Apicultura en el monte y bajo zonas de riego, de la colmena a la mesa
Diversificar es la consigna que generó en los últimos años la aparición de diversos proyectos productivos. Aquí, cinco ejemplos que demuestran que se puede.
gente que hace
Una fábrica con sello característico y que busca ser amigable con el medio ambiente es el nuevo emprendimiento que se consolida en la localidad, por la calidad en sus sabores, pero también por la responsabilidad ambiental con la que está forjado.
Se trata de la cervecería Cacique, primera y única fábrica de estas características en la localidad, ideada a partir de una imagen sustentable, que si bien atrae a los paladares cerveceros, también da cuenta del compromiso asumido.
Así lo planearon Marcos Cichitti y Jorgelina Mirich, joven pareja que después de errar por el mundo, anclaron en Catriel para poner en marcha la obra, hace poco más de un año.
Él, amante de la cerveza y ella publicista y esteticista, lograron fusionar conocimientos para ponerlos en marcha en un tráiler acondicionado para la empresa, en que calidad e imagen cumplen roles preponderantes.
Así lo delata la recta de la avenida Roque Sáenz Peña que conduce hacia la zona del autódromo y al Valle de la Luna, es decir más cerca del hábitat natural y más lejos de la zona urbanizada.
Montada con elementos reciclables que ellos mismos restauraron, armaron la fachada mientras que en el interior, los tanques de acero inoxidable e instalaciones y productos de primer nivel delatan las expectativas de los emprendedores, como así también de la gente que los elige.

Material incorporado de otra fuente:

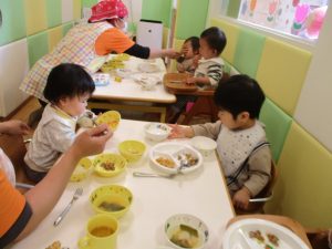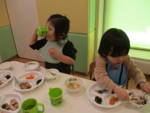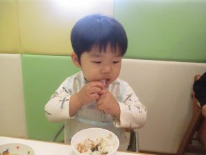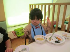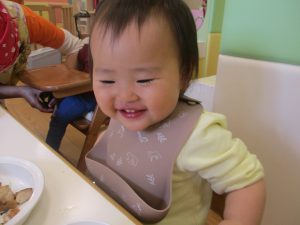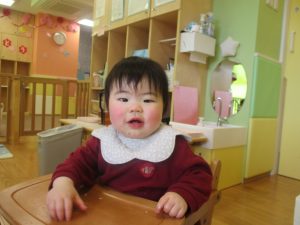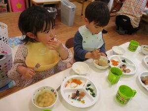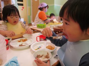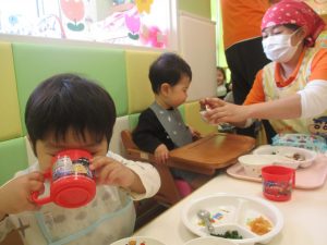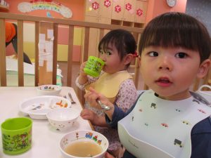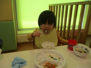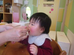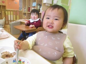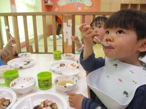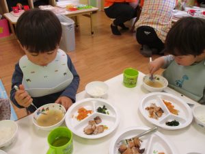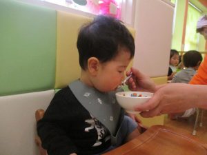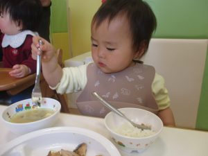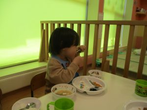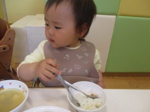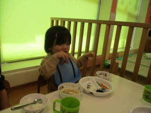 初めての給食では「なんだろう?」とドキドキしながらも、少しずつおいしさを確かめている様子でした。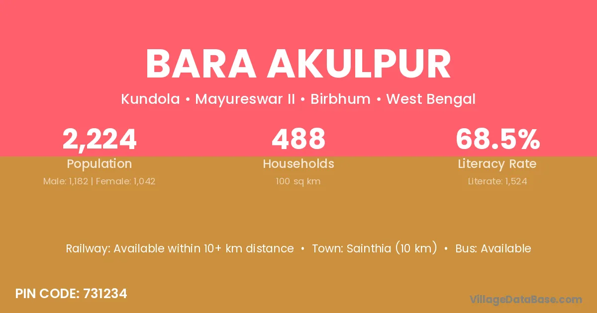Sainthia (10 km) is the nearest town to Bara Akulpur village for major economic activities and is located approximately 10 km away.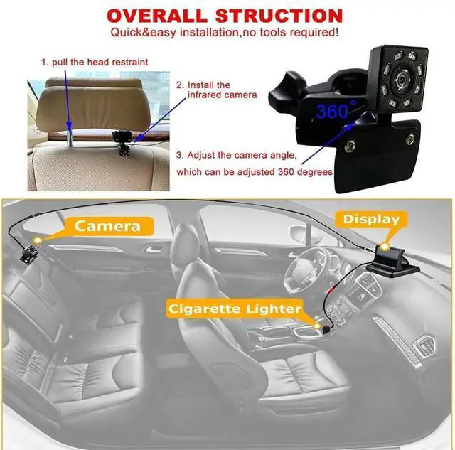 4.3 Inch HD Safety Car Seat Mirror Camera Waterproof Baby Car Mirror 150 Wide View 8LED IR Night Vision Headrest Monitor Display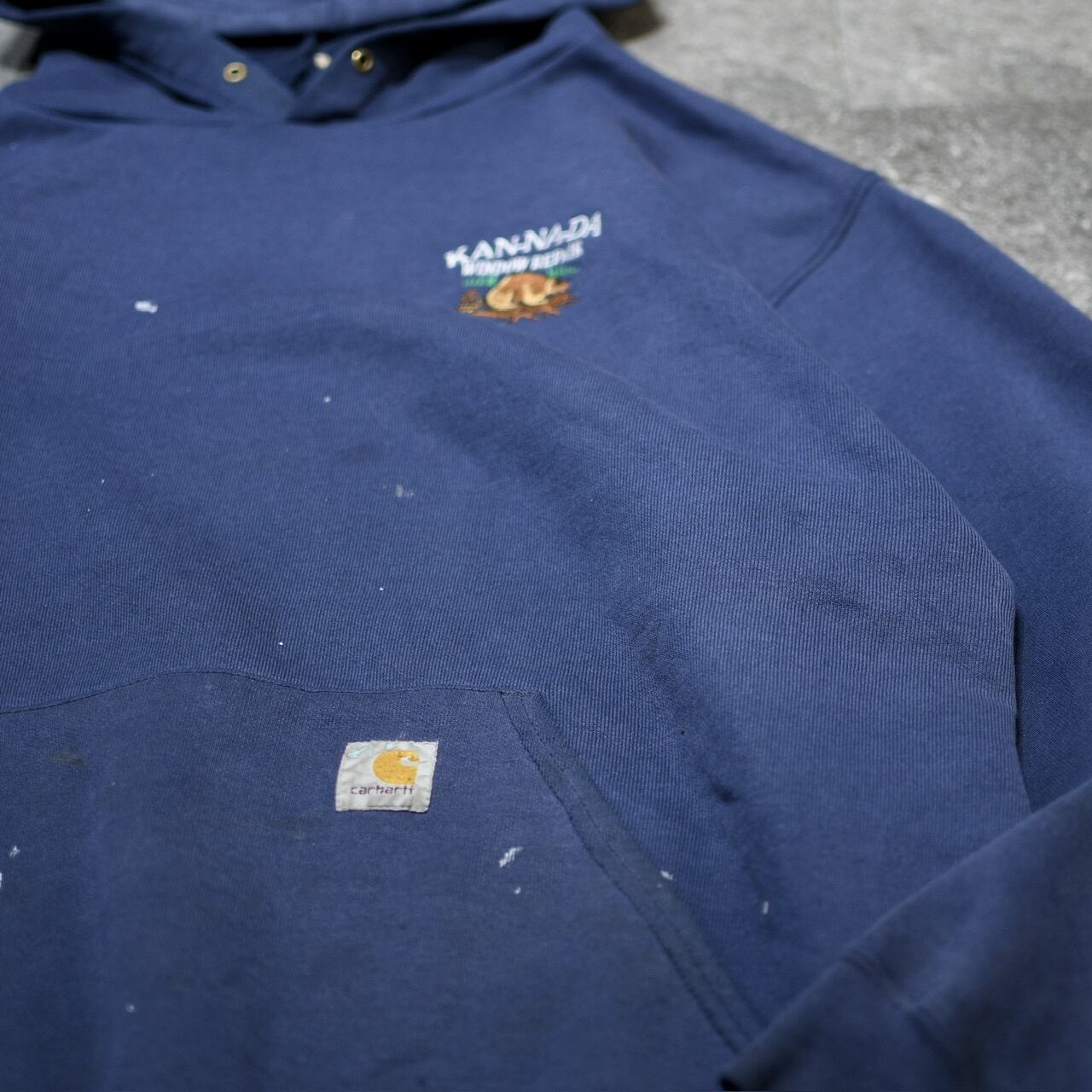 ややフェードした生地に飛び散ったペンキ。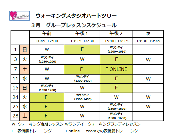 2026年3月 スタジオハートツリー グループレッスンスケジュール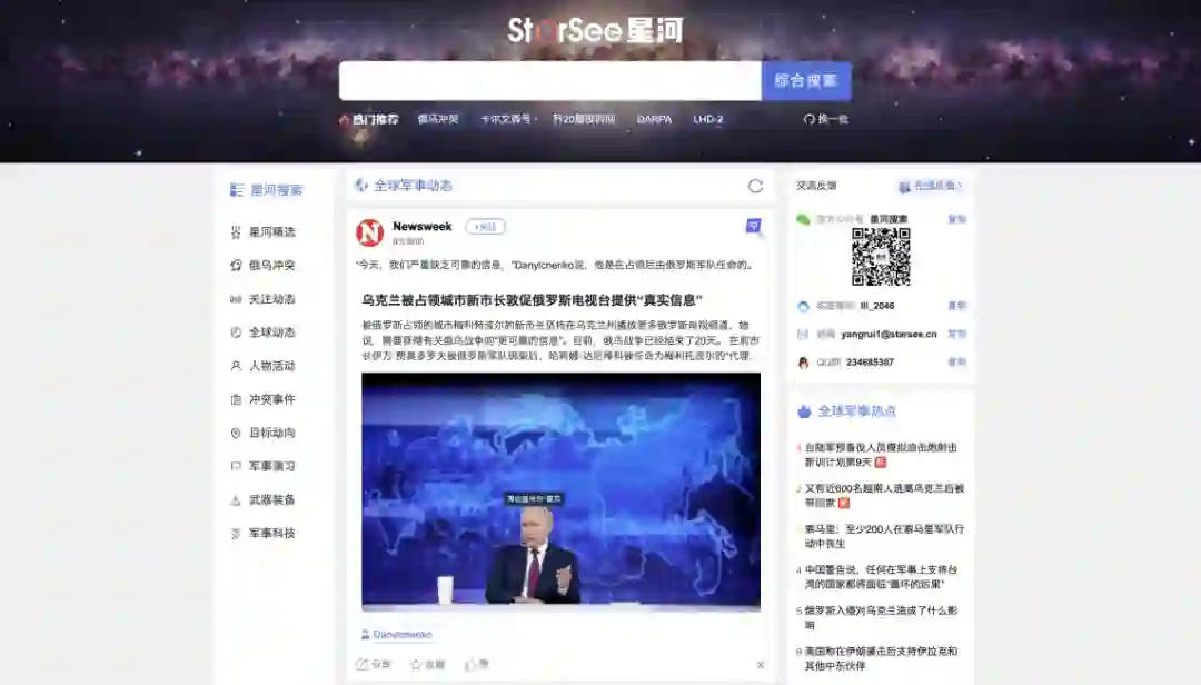 星河搜索(https://xinghe.starsee.cn),摄星智能旗下自研的面向全球视角的智能防务信息服务平台。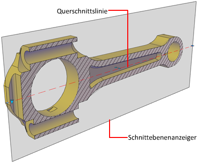 Schnittobjekte verfügen über einen transparenten Schnittebenenindikator, der als Schnittebene fungiert. Um verschiedene Schnittansichten zu erhalten, kann diese Ebene durch ein 3D-Modell bewegt werden, das aus 3D-Volumenkörpern, Oberflächen oder Regionen besteht.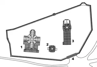 Samotná stavba se seskládá ze čtyř částí, které jsou postaveny za sebou ve směru ze západu na východ: Prvně síň, potom jídelna, chrám (nejvyšší část stavby) a oltářní přístavek.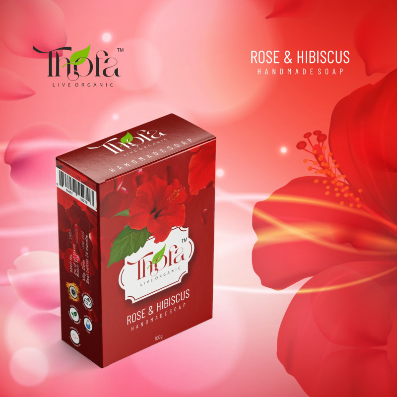 Thofa Live Organic Handmade soap with Rose and Hibiscus Exfoliating Natural Soap for Men and Women For Natural Glowing Skin – 100gm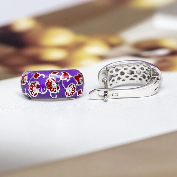 Niezwykle efektowne kolczyki z motywami kwiatowymi malowane ręcznie emalią i przyozdobione cyrkoniami.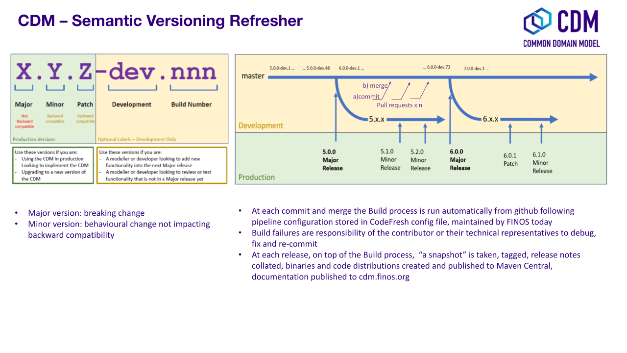 - Quality assurance. Seek the early appointment of at least one CDM Maintainer who can assist modelling discussions and provide early feedback. CDM Maintainers are appointed by the CDM Owners as and when relevant. Please contact cdm@lists.finos.org.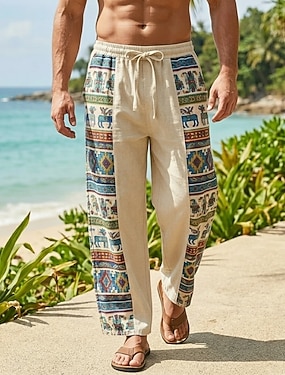 Miesten Pellavahousut Housut Kesähousut Roikkuvat housut Rantahousut Kurenauha Joustava vyötärö Painettu Etninen Mukavuus Hengittävä Täyspitkä Päivittäin ulko- Hiekkaranta Muoti Boheemi Sininen Musta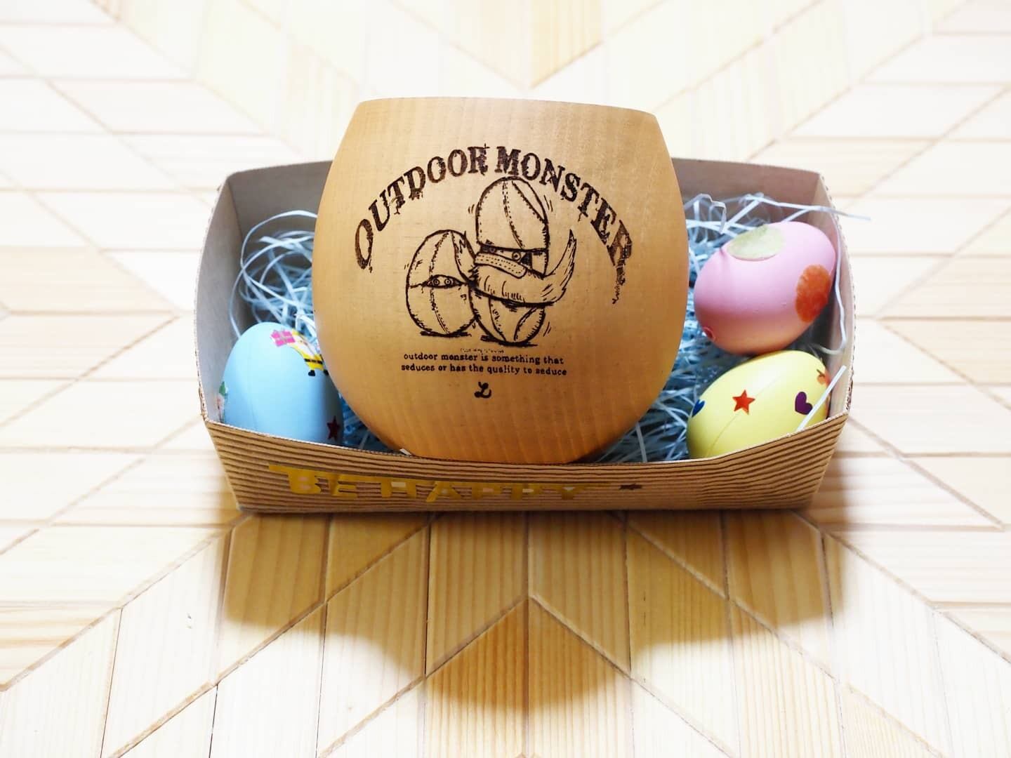 エッグカップという名前の通り、卵形のかわいらしい形に、卵形のアウトドアモンスターが刻印されています。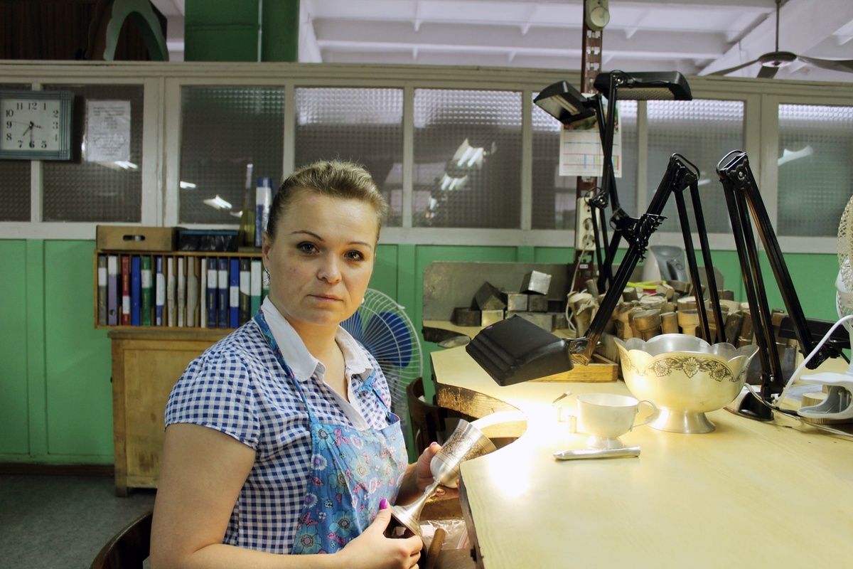 Ольга трудится на предприятии уже почти 19 лет. Постепенно она освоила все тонкости мастерства гравера по серебру. Сегодня Ольга Сергеевна может создавать различные, в том числе сложные эксклюзивные изделия.

Allí el cuidado y ahorro de la energía y del agua es fundamental, por eso el agua es tratada con un eco-kit y reutilizada para riego. “O sea que no tenemos pozo, por lo que no contaminamos la napa”, señala Jorgelina. Y en cuanto a la iluminación “está provista de luces led, que tienen un consumo mucho menor al de las lámparas de bajo consumo” y además ya está acondicionado el predio, para próximamente instalar un panel fotovoltaico y proveerse de energía solar.
Así un pantallazo de la manera de encarar el proyecto que hasta acá marcha con óptimos resultados, habida cuenta que la primera cocción fue en febrero de 2015, que se tradujeron en 18 litros que salieron a un mercado que todavía es a baja escala y directo al consumidor.
Actualmente se comercializan 1.600 litros por mes, 220 litros por semana, que salen en seis variedades: Morocha, Dorada patagónica, Panal, Pluma Roja, Trigueña e IPA (India Pale Ale), envasadas en porrones de 355 cm³, en las que la marca está representada en una calavera ataviada con trenzas y pluma de un cacique indio, que bien podría ser el mismo que dio el nombre a la ciudad.
Cristian Iboldi y Maximiliano Coletti son jóvenes locales que se unieron para tratar de conformar una UTE o SRL, que permita poner en marcha un ambicioso proyecto que surgió de una tesis realizada por egresados de la Tecnicatura en Petróleo, en 2012.
Cristian, uno de los creadores de la batería móvil, elemento de medición para fluidos y gas en los yacimientos se contactó con Coletti, dueño de una empresa local dedicada a pyping y soldaduras para comenzar a construir el aparato de medición. Este logro fue premiado por el Instituto Balseiro, reconocido por YPF y patentado en Argentina y EE. UU.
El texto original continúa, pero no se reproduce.